● **Exercise objective**
Look through the data below and output, unchanged, every line from the one holding "Acenda sua festa" through the one holding "View of a muskrat", inclusive. Skip the pictures.

● **Exercise data**
╭──

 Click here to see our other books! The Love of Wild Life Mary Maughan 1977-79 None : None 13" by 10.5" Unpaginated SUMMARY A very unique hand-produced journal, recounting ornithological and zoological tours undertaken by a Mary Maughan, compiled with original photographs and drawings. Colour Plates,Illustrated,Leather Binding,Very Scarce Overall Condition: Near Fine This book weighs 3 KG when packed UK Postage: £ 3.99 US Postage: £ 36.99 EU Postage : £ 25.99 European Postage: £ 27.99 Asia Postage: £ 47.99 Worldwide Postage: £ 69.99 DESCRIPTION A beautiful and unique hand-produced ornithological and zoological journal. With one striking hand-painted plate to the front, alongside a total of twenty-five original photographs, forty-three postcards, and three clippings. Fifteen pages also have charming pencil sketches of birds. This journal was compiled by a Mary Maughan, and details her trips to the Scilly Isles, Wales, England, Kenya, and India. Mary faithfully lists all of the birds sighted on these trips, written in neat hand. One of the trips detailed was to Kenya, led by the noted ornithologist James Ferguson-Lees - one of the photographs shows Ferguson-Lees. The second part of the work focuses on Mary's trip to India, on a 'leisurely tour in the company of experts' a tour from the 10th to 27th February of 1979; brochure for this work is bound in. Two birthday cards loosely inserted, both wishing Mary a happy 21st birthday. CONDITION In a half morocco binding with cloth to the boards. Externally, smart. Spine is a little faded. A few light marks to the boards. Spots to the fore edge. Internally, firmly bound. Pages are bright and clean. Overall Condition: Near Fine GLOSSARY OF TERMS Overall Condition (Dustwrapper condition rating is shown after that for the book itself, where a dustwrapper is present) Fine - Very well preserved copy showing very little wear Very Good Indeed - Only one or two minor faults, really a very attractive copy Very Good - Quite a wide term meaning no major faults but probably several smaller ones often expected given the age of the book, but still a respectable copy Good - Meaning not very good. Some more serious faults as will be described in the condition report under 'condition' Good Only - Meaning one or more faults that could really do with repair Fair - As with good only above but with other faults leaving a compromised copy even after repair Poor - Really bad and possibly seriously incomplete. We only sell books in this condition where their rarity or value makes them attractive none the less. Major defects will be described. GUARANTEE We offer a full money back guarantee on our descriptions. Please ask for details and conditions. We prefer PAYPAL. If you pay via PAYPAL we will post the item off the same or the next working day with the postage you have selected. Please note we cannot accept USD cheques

╰──
╭──

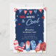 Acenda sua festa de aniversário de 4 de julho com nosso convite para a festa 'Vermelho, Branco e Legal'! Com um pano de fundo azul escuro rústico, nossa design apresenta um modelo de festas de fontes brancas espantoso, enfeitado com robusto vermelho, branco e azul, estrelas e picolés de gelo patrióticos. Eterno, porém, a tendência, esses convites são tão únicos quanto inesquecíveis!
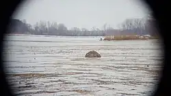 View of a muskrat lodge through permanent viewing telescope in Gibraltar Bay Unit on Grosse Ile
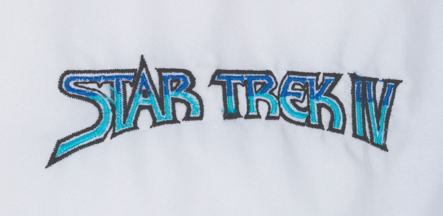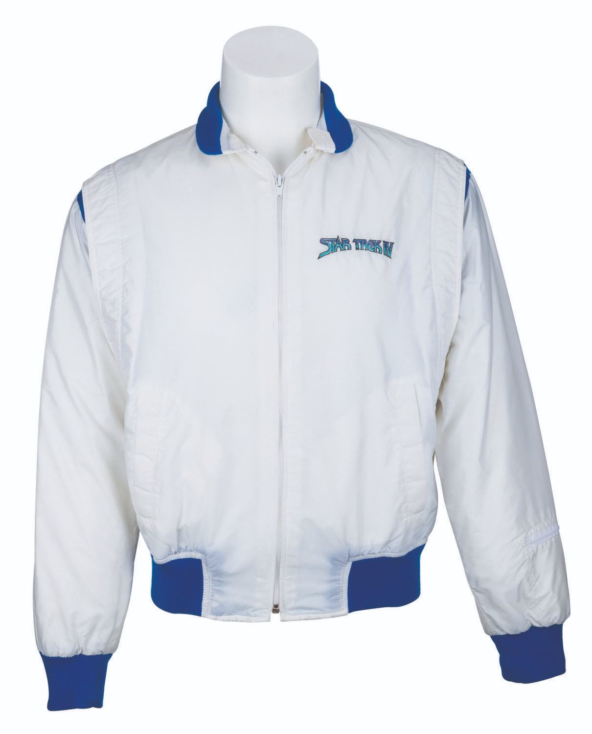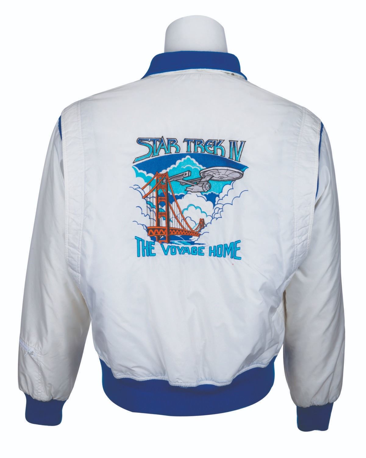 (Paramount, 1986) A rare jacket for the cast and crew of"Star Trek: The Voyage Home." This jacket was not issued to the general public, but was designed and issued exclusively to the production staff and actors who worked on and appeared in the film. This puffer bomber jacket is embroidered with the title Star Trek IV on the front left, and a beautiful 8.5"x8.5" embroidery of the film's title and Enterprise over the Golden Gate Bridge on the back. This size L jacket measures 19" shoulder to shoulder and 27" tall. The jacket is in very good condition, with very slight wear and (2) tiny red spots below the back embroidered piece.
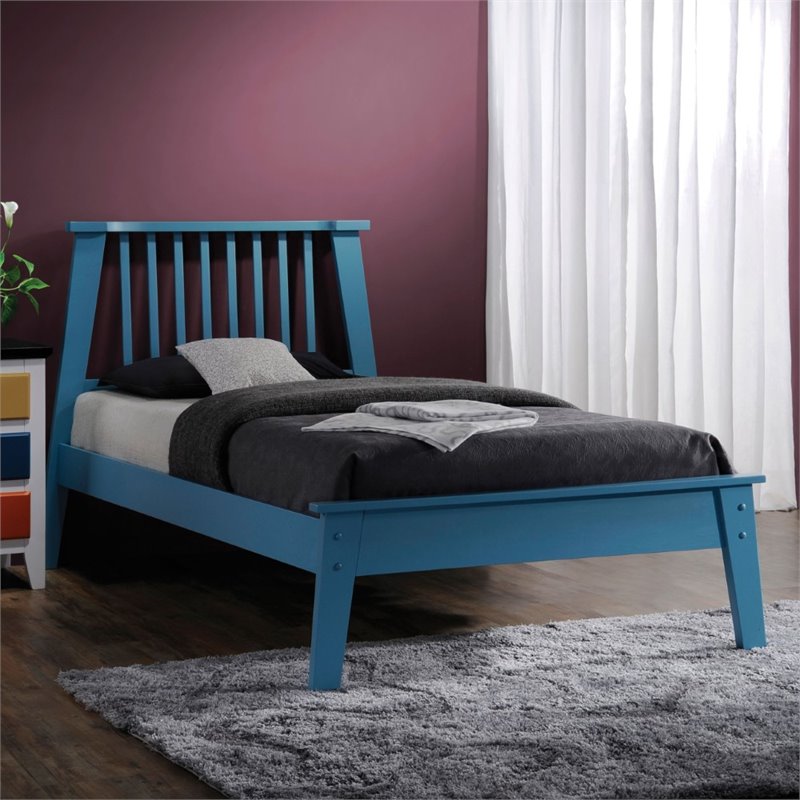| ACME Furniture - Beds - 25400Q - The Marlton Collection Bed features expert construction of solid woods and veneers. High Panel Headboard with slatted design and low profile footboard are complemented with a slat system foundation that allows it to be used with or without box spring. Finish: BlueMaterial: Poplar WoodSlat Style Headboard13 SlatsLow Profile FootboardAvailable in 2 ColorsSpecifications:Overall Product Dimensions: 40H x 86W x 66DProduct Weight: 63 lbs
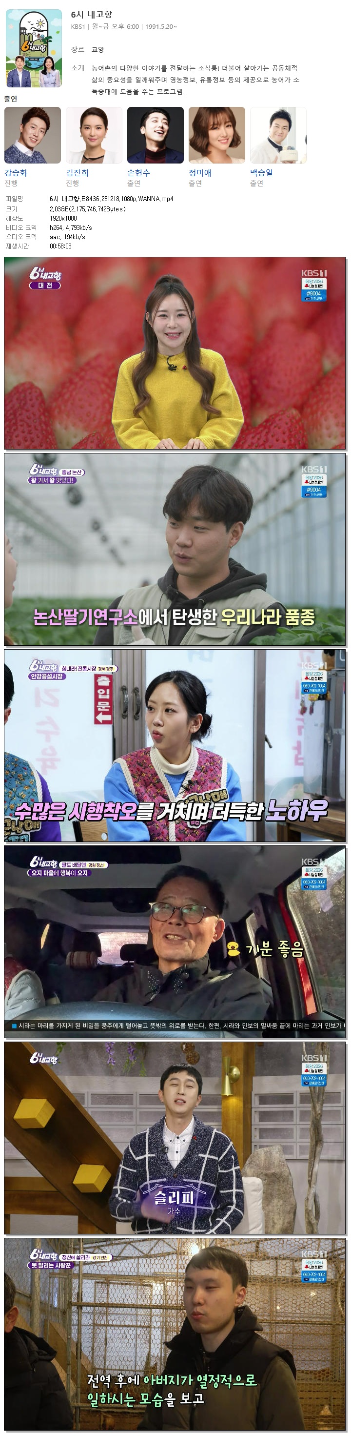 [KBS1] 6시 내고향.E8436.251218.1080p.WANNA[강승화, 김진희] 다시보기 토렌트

╰──
╭──

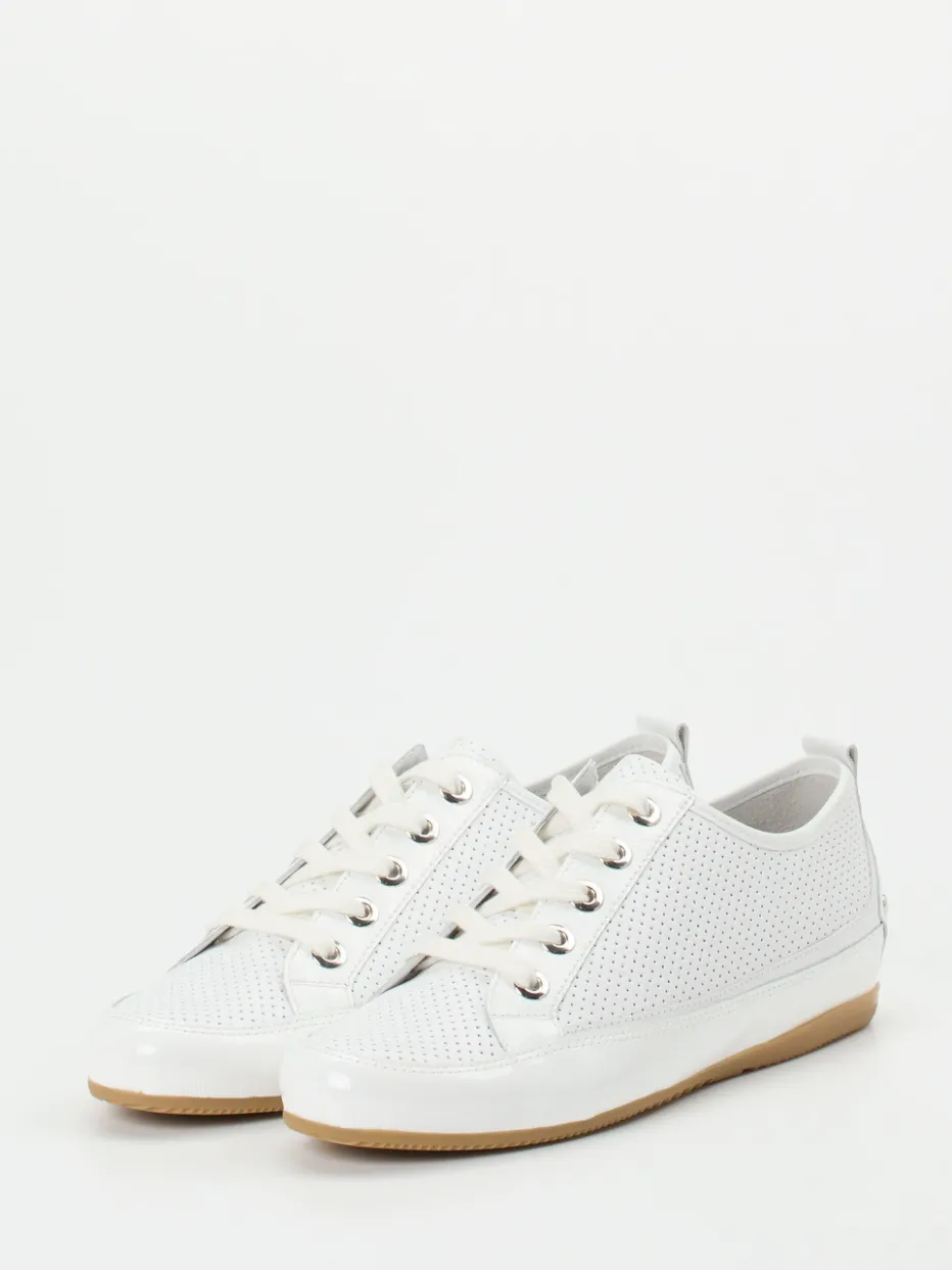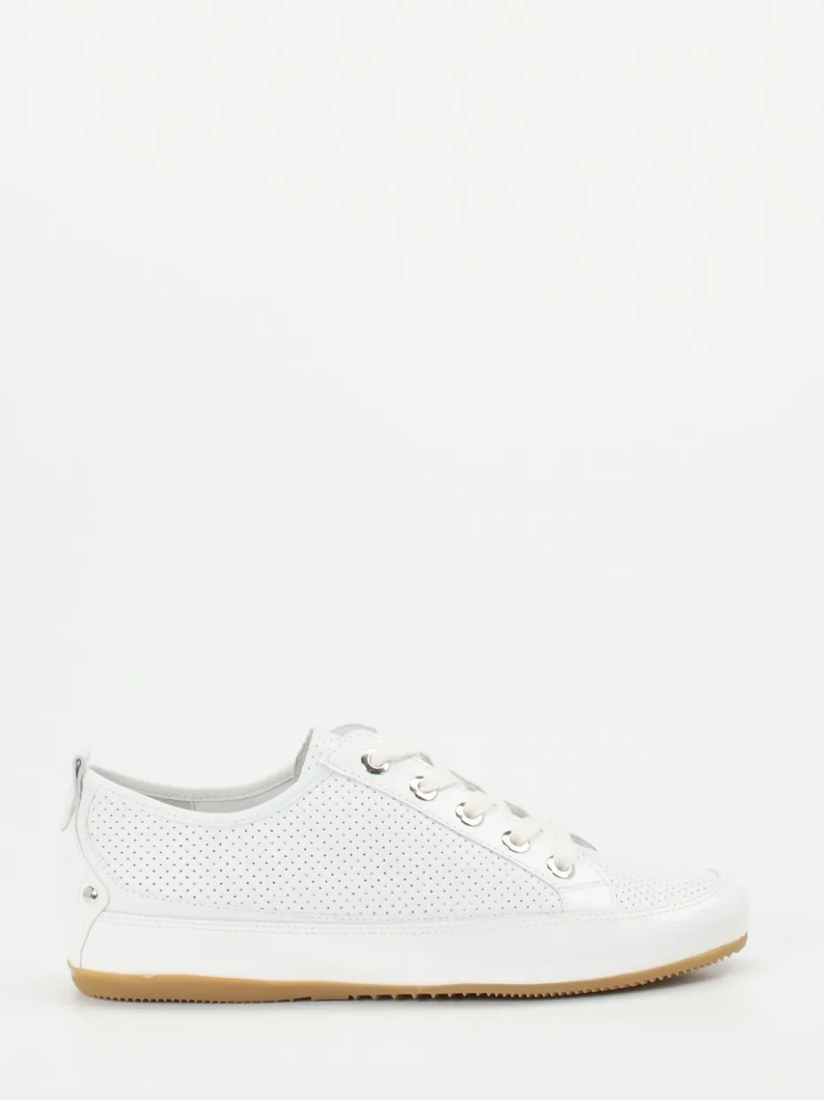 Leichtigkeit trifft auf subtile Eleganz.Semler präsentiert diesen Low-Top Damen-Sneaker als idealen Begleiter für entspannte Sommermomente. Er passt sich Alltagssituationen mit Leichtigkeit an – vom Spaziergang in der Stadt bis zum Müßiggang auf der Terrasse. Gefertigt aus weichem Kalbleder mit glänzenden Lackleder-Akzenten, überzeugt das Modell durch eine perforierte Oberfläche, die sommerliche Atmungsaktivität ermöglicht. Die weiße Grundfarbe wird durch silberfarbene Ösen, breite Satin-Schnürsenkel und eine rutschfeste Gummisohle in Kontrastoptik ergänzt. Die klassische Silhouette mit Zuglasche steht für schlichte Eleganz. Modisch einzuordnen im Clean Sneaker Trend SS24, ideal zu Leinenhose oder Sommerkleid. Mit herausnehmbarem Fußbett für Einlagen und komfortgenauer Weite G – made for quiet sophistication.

╰──

● **Your solution**
 Acenda sua festa de aniversário de 4 de julho com nosso convite para a festa 'Vermelho, Branco e Legal'! Com um pano de fundo azul escuro rústico, nossa design apresenta um modelo de festas de fontes brancas espantoso, enfeitado com robusto vermelho, branco e azul, estrelas e picolés de gelo patrióticos. Eterno, porém, a tendência, esses convites são tão únicos quanto inesquecíveis!
 View of a muskrat lodge through permanent viewing telescope in Gibraltar Bay Unit on Grosse Ile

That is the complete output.